Pamoja tswasonga mbele

I have an acute obsession with museums so I decided to visit another museum today. 

The idea of museums is a strange one. This is a definition I found when I looked up the word museum: a building in which objects of historical, scientific, artistic, or cultural interest are stored and exhibited. My acute obsession with museums began when I visited the East London museum while I was in prep school. We visited the museum regularly throughout primary school whenever our work related to an exhibition that was in the museum. I never questioned the concept nor the content of a museum. Who decides what is of interest and is worthy of being exhibited in a museum?
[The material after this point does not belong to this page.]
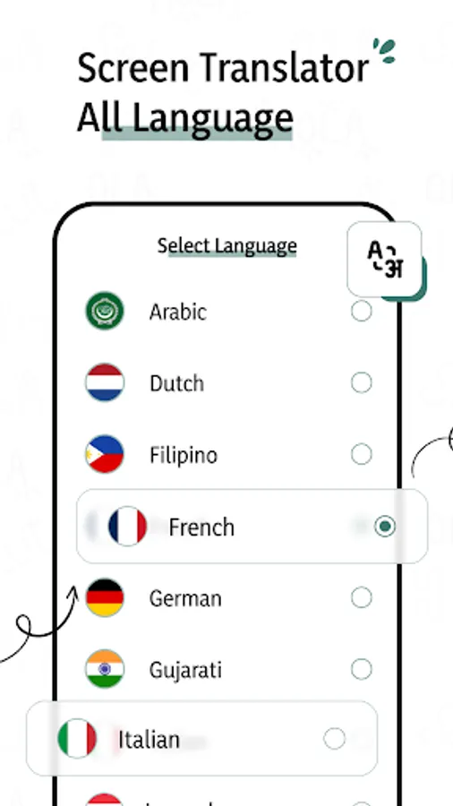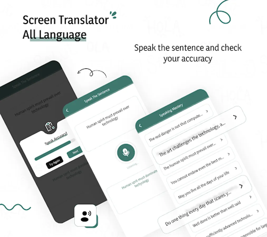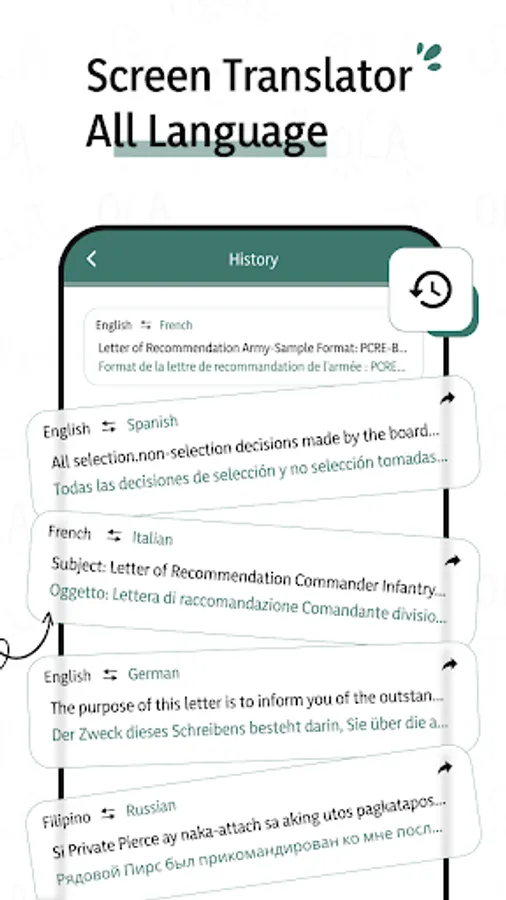 * Capture screenshots from your phone screen, one click to translate in any language.

The Nairobi National Museum has a colonial character even though the work features the history of Kenya, the history of humankind, birds of East Africa and two exhibitions featuring the work of contemporary Kenyan artists. There's also a photo exhibition celebrating Kenya's 50 years of independence. While wandering around I wondered how often the museum is updated as some of the signs look as though they've been there since the birth of the museum.
Ahmed the elephant...The most famous elephant in Kenya who died at 55

Introducing Makhan Singh's story in Kenya's narrative

A random was in a random corner

Celebrating the use of gourds (calabashes) in ancient Kenya

Artwork at the entrance of the museum
 The rest of the day was spent in and about Nairobi. While driving to Parklands (an Indian area where black Kenyans come in and out for work because the area is exclusionary against them living in the area) I noticed the words Pamoja tswasonga mbele celebrating Kenya's 50 years of independence. My friend offered the translation "together moving forward" with a tinge of scepticism, "a nice sentiment" she said as though she doubts it has any bearing on the life experience of what it means being in Kenya. It seems ironic that the 50 year celebration would fall in the same year that "the son of the nation" is the president of Kenya as his father was 50 years ago. It's also the year that the cloud of the Hague hearings hanging above his head at  a time when Kenya is hoping to move on from the violent past that plagues the consciousness of the country. 

My day ended with a catch up dinner with a friend (at an Ethiopian restaurant where the lights went out twice while we were waiting for our meal) who is a journalist in Kenya after her studies in South Africa. She had many interesting stories to share about the anxieties of telling Africa's stories...a conversation for another day I think. The conversation began talking about her experience of being back in Kenya, my experience of Cape Town, our frustrations about the state of Africa with South Sudan, CAR, Egypt facing many conflicts. 

There are many stories that are yet to be told about Kenya and the continent as a whole. Stories that cannot be contained in a museum.